Sabato 28 e domenica 29 giugno spettacolare riapertura del Teatro Grande di Pompei con la messa in scena dell’Orestea di Eschilo, trilogia tragica del teatro greco classico
Il Teatro Grande di Pompei, chiuso da tre anni a causa del sequestro deciso dalla Procura di Torre Annunziata nell’ambito di un’inchiesta su appalti per i lavori di ristrutturazione durante il periodo di commissariamento del sito archeologico, ha riaperto le proprie porte per due serate all’insegna del grande teatro tragico.
In scena l’unica trilogia del teatro tragico antico che ci sia pervenuta integra, ossia l’“Orestea” di Eschilo, composta da: “Agamennone” (in scena sabato 28), “Le Coefore” e “Le Eumenidi” (in scena domenica 29).
L’evento è stato organizzato nell’ambito del Forum Universale delle Culture, in particolar modo per i cento anni della Fondazione Dramma Antico di Siracusa che, tra l’altro, ha scelto le opere che sono state rappresentate; la regia degli spettacoli è stata a cura di Luca De Fusco.
[ads2]
Le tragedie che compongono l’“Orestea” rappresentano un’unica storia suddivisa in tre episodi, le cui radici affondano nella tradizione mitica dell’antica Grecia: l’assassinio di Agamennone da parte della moglie Clitennestra; la vendetta del loro figlio Oreste che uccide la madre e il suo amante Egisto dopo dieci anni dall’uccisione del padre; la persecuzione del matricida Oreste da parte delle Erinni e la sua assoluzione finale a opera del tribunale dell’Areopago.

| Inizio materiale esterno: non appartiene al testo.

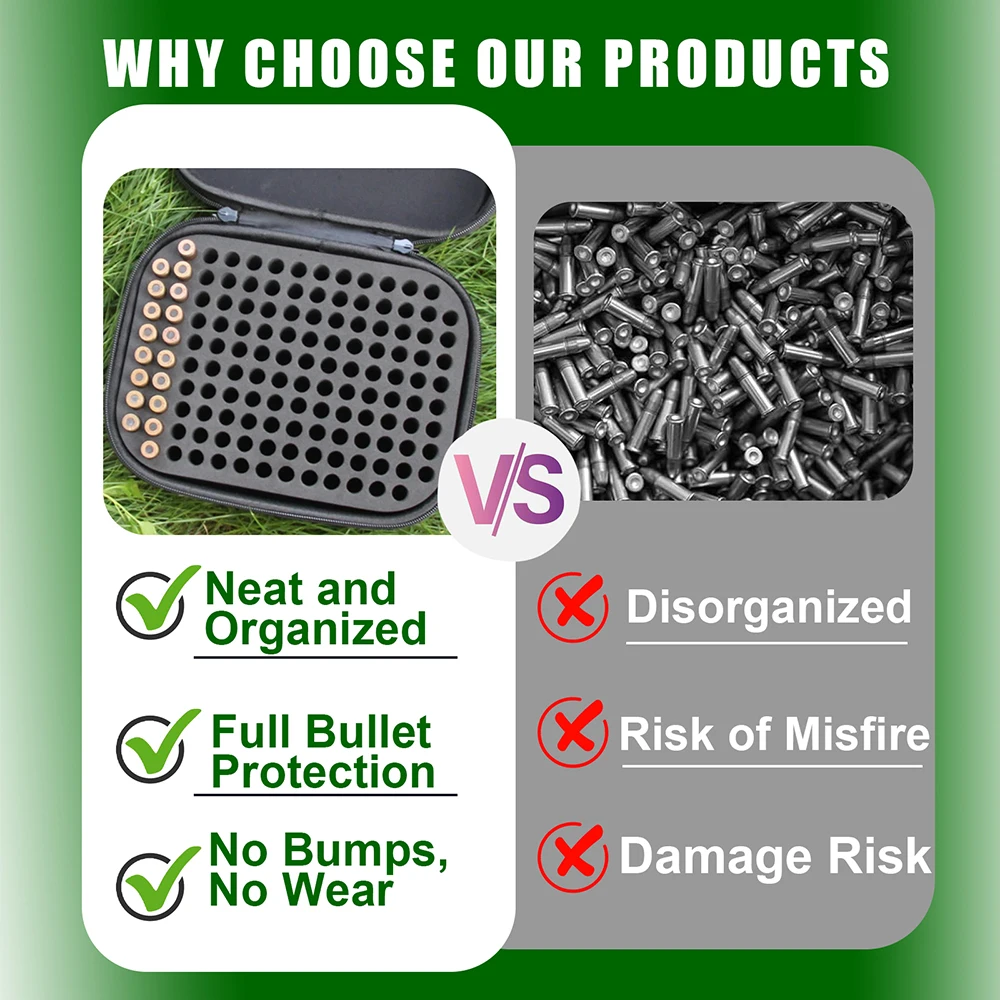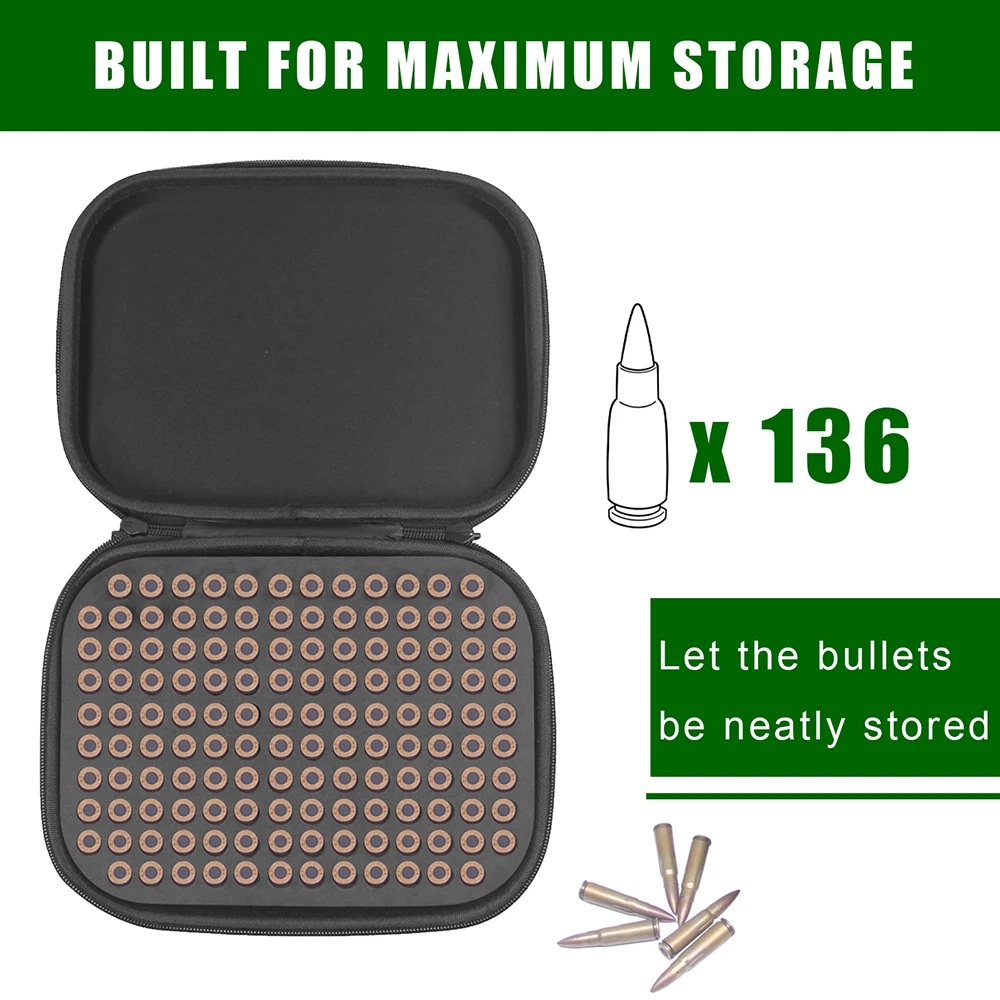 1. 【Capacidad espaciosa】 Mantenga hasta 136 rondas con el inserto de espuma EVA para munición. Una capa de espuma en el interior asegura que la munición nunca se toque entre sí, brindando protección y organización adicionales a su munición.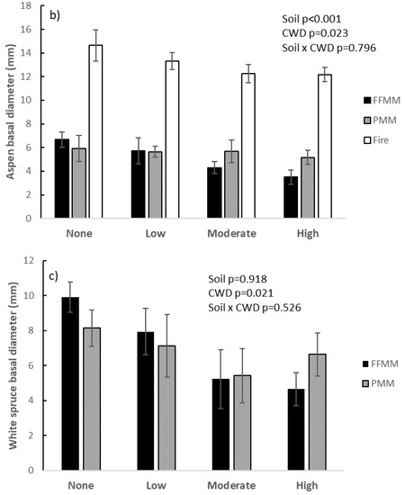 Average basal stem diameter of aspen trees was significantly greater on Fire than on reclaimed sites (Fire > PMM = FFMM, p < 0.001) while High CWD plots had significantly smaller aspen diameters than No CWD plots. All other CWD were similar (p = 0.023, Figure 3b). White spruce basal diameter on the reclaimed sites was similar between PMM and FFMM (average = 7.2 mm) and no CWD plots had significantly greater spruce basal diameter than both the moderate and high CWD plots (see Figure 3c).
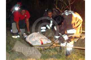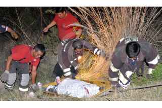 NAUCALPAN, ESTADO DE MÉXICO, 31MAYO2010.- Esta madrugada fue encontrado un vehículo stratus dentro de una barranca a la altura del kilómetro 22+100 de la carretera Chamapa-Lechería donde viajaban 5 personas de las cuales María del Carmen Martínez García de 37 años de edad, pierde la vida. El equipo de rescate de la Cruz Roja de Naucalpan trabajaron para poder sacar el cuerpo. FOTO: LUZ ACEVEDO/CUARTOSCURO.COM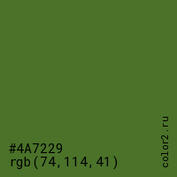Цвет #4A7229 в цветовой модели RGB обозначается тремя октетами (74, 114, 41) в десятичном формате и #4A7229 в шестнадцатиричном (hex) формате, которые являются интенсивностью красного 74 (hex 4A), интенсивность зелёного 114 (hex 72) и интенсивность синего 41 (hex 29).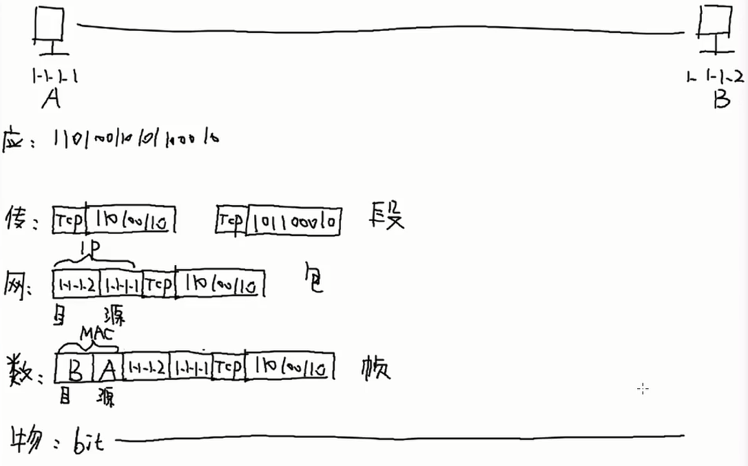图中箭头表示数据在物,数,网三层的解/封情况以及数据传输到的对应位置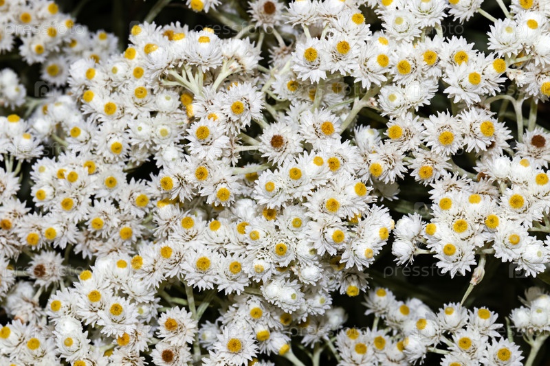 Anaphalis triplinervis или жемчужинный вечный фон с множеством белых цветов. крупным планом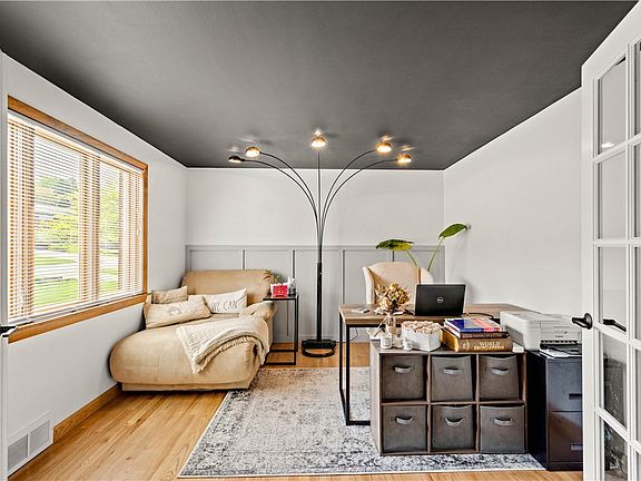 A level-entry and tons of curb appeal welcome you to 413 Grace Street. The first floor features a large office or 4th bedroom (12'x11'), spacious living room with recessed overhead lights, updated half bath, separate dining room area, and a fully equipped eat in kitchen with a new oven and 5-burner gas cooktop. The second floor includes 3 BRs with lots of closet space. New solid Oak closet doors, Pella windows (2015), new paint throughout, furnace and roof from 2015. HUGE walk-in attic is great for storage. Entertaining is a breeze in the newly remodeled basement (18'x14') including a wet bar with granite counters, beverage cooler, laundry space, half bath, and an additional room (14'x10') perfect for a home gym or 2nd office. Enjoy the HUGE backyard perfect for a garden, play set, pool, etc. and can be easily fenced in. Largest lot in the entire plan! The long driveway and oversized 2-car garage allow for plenty of parking and storage. Family owned and maintained for over 6 decades!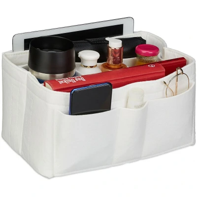 Relaxdays, Felt, Many Compartments, Handbag Organiser, Storage Bag, Portable, Removable, Size L, White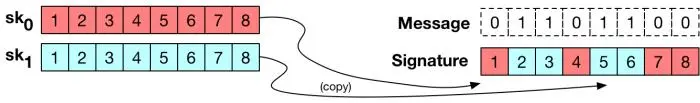 回想一下 Lamport 方法,要对一条 256 位的消息进行签名,我们需要一个包含 512 个独立密钥(和公钥)位串的向量,签名本身就是 256 个密钥位串的集合。(这些数字会被需要签名的消息位元激活,位元可以是 “0” 或 “1” ,因此需要从两张不同的密钥表中提取适合的密钥元素。 )
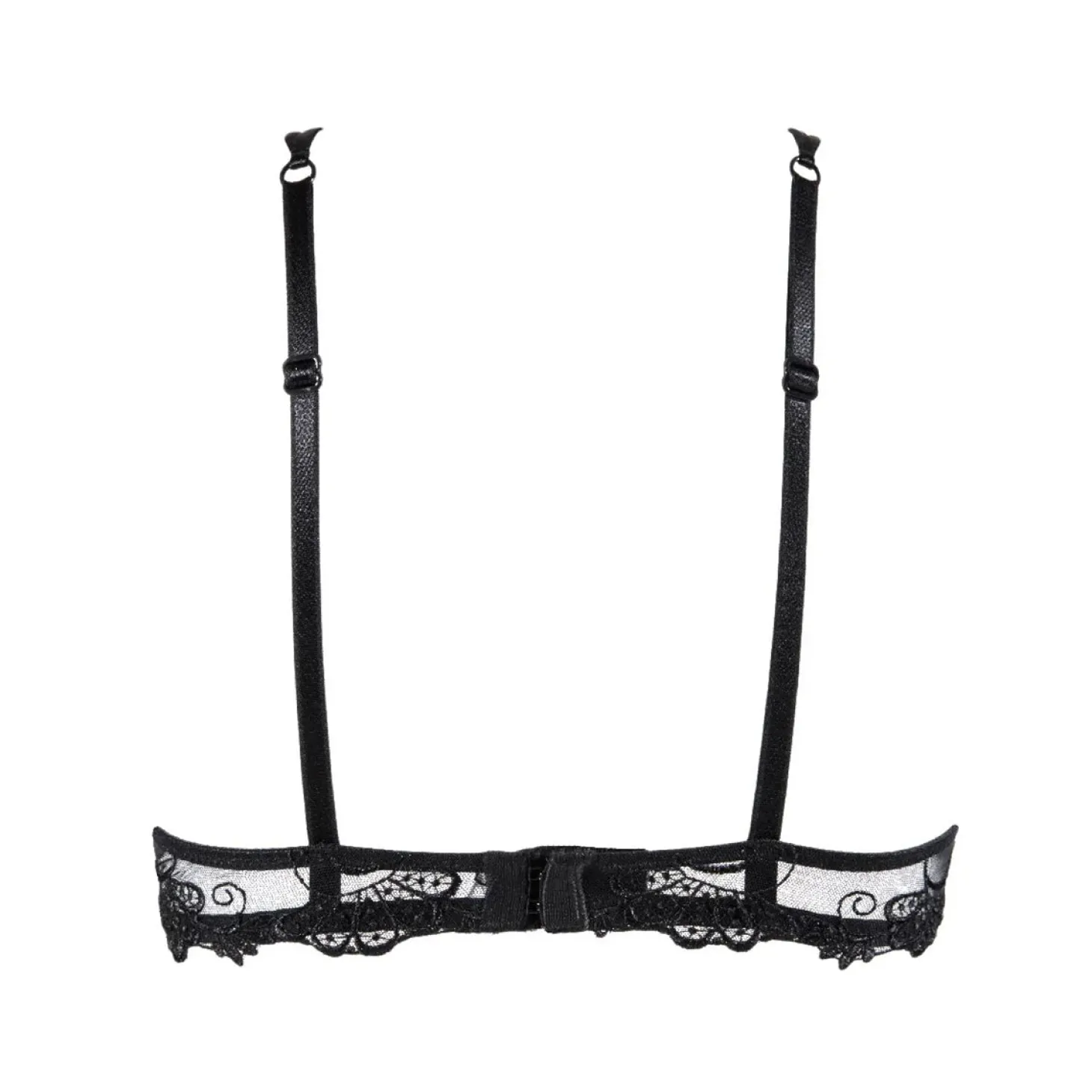 - Design: Underwired demi-cup bra with horizontal cut-out. This bra offers a rounded shape, and feminine cleavage. Slim, adjustable spaghetti straps add femininity and lightness. Tattoo-effect guipure lace inserts on cups and back. Delicate Swarovski pendant at cleavage.
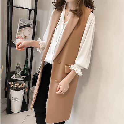 初春 冬アウター 秋トレンチコート 秋ジャケッ ベスト韓国ファッションノースリーブ秋ロング丈ベスト 通勤 百掛けスーツベスト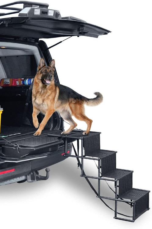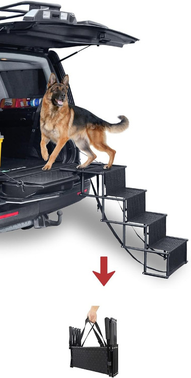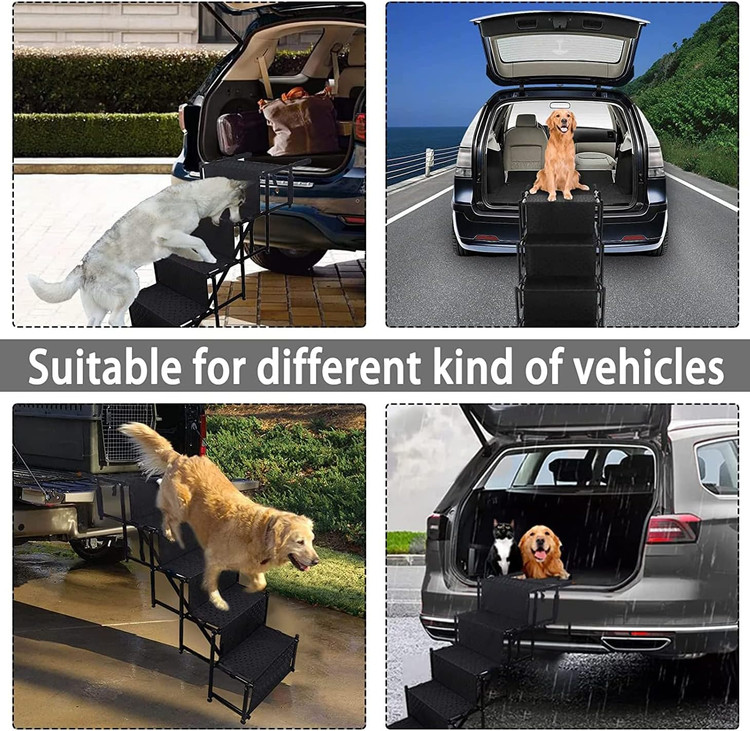 رمپ سگ با 4 پله، قاب ارتقا یافته پله های حیوان خانگی برای SUV، ماشین ها، تخت های مرتفع، پله های قابل حمل و تاشو برای سگ های بزرگ با وزن سبک و سطح غیر لغزنده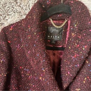 Like new, no flaws. Size 0 petite maroon wool blend coat with multicolor details.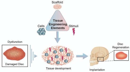 TE is a very promising field for disc regeneration, especially if it is at an early stage [21]. Through this, solutions can be found for disc replacement or regeneration or alternatively to the replacement of structures in the TMJ [40]. Traditionally, the principal elements of TE are cells, stimuli, and scaffolds [16].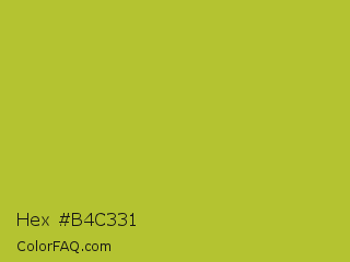 Hex #b4c331 Color is a normal yellow color and the nearest color is Android Green #a4c639. Hex code #b4c331 and RGB value is rgb(180,195,49). In RGB color space, this color is composed of 71% red, 76% green, 19% blue, In CMYK color space, this color is composed of 8% cyan, 0% magenta, 75% yellow , 24% black , In HSL color space, this color has a hue angle of 66° , 60% saturation and 48% lightness.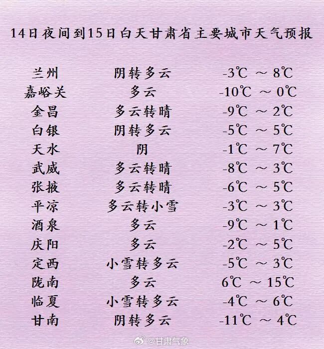 天气概况与趋势 - 2月14日至15日,省内自西向东有一次弱降温,全省大部气温继续下降[1][3] - 2月14日夜间至15日白天,河西五市多云或晴,酒泉、嘉峪关局部阴有小雪并伴有4-5级偏东风及沙尘,甘南、临夏、定西、陇南、天水、平凉等州市多云转阴,部分地方有小雪(雨)或雨夹雪,省内其余地方多云,局部阴有小雪[2] - 2月15日夜间至16日白天,全省各地晴或多云,祁连山区阴有小雪[4] - 2月16日夜间至17日白天,甘南、陇南两州市多云转阴,省内其余地方晴或多云,祁连山区阴有小到中雪[4] 主要城市具体预报 (2月14日夜间至15日白天) - 兰州:阴转多云,气温-3℃至8℃[5] - 嘉峪关:多云,气温-10℃至0℃[5] - 金昌:多云转晴,气温-9℃至2℃[5] - 白银:阴转多云,气温-5℃至5℃[5] - 天水:阴,气温-1℃至7℃[5] - 武威:多云转晴,气温-8℃至3℃[5] - 张掖:多云转晴,气温-6℃至5℃[5] - 平凉:多云转小雪,气温-3℃至3℃[5] - 酒泉:多云,气温-9℃至1℃[5] - 庆阳:多云,气温-2℃至5℃[5] - 定西:小雪转多云,气温-5℃至3℃[5] - 陇南:多云,气温6℃至15℃[5] - 临夏:小雪转多云,气温-4℃至6℃[5] - 甘南:阴转多云,气温-11℃至4℃[5] 兰州市三日天气预报 - 2月14日夜间至15日白天:阴转多云,气温-3℃至8℃[6] - 2月15日夜间至16日白天:多云转晴,气温-5℃至9℃[6] - 2月16日夜间至17日白天:晴转多云,气温-5℃至9℃[6]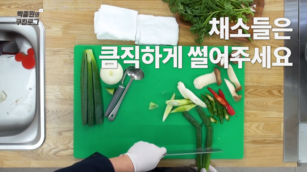 홍고추, 풋고추, 청양고추, 대파는 큼직하게 어슷썰기 한다.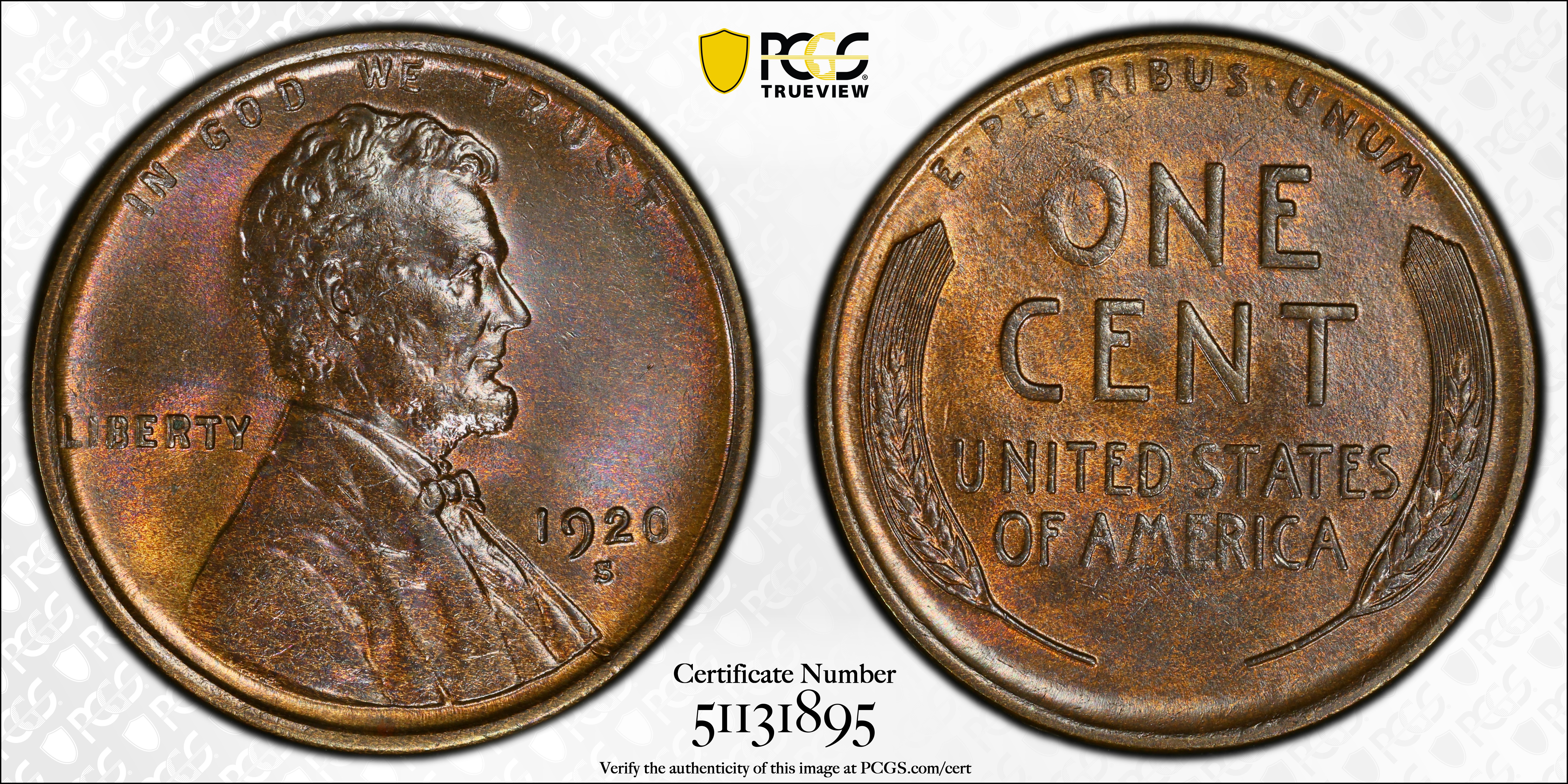 The 1920-S Lincoln Cent is considered a semi key date. It is difficult to find in Uncirculated condition. Especially in MS65 grade or higher. Most Uncirculated examples have Brown and Red brown surfaces. Uncirculated examples with full Red surfaces are very scarce in any condition.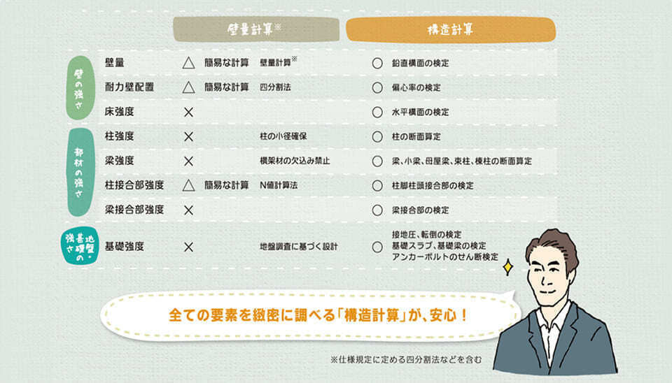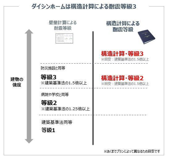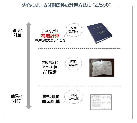 このような計算方法の「違い」が、実際の家の耐力の「違い」につながっており、ダイシンホームはこの「違い」に着目して、地震に強い家づくりをおこなっています。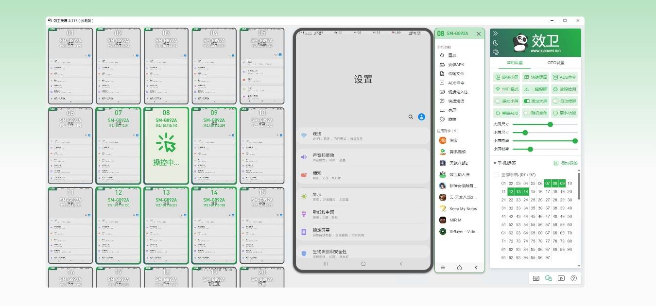 支持最多40台设备同时控制,一键完成批量安装APK、清缓存、同步文件、系统更新等操作。实测显示,传统方式为10台手机安装应用需1小时,而效卫投屏仅需5分钟,人力成本直降90%。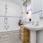 White suite comprising of enclosed bath, pedestal wash basin, low-level WC, radiator, window to the side.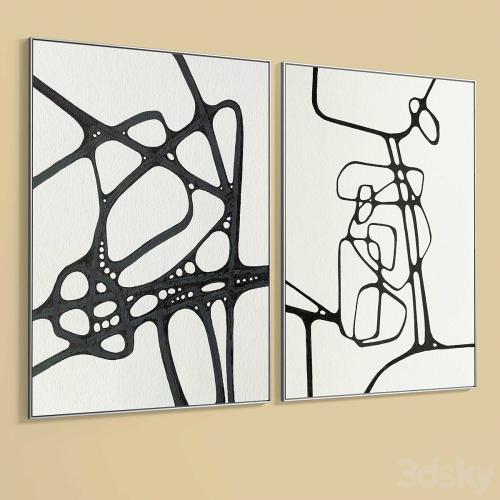 Set of paintings in frames for interior

Tragedie significative e dal valore universale, dunque, per una riapertura in grande stile del Teatro Grande di Pompei; del resto non poteva essere diversamente per uno dei teatri più antichi e suggestivi del mondo.
Un vero tuffo nel passato, quello di sabato 28 e domenica 29, all’interno di una struttura costruita nel II secolo a. C. e che fu sepolta, come tutta Pompei, dall’eruzione del Vesuvio del 79 dopo Cristo.
L’augurio di tutti noi è che il Teatro Grande, dopo il dissequestro e la riapertura, possa ricominciare a ospitare, assiduamente, rassegne ed eventi speciali, come, appunto, è stata l’“Orestea” di Eschilo.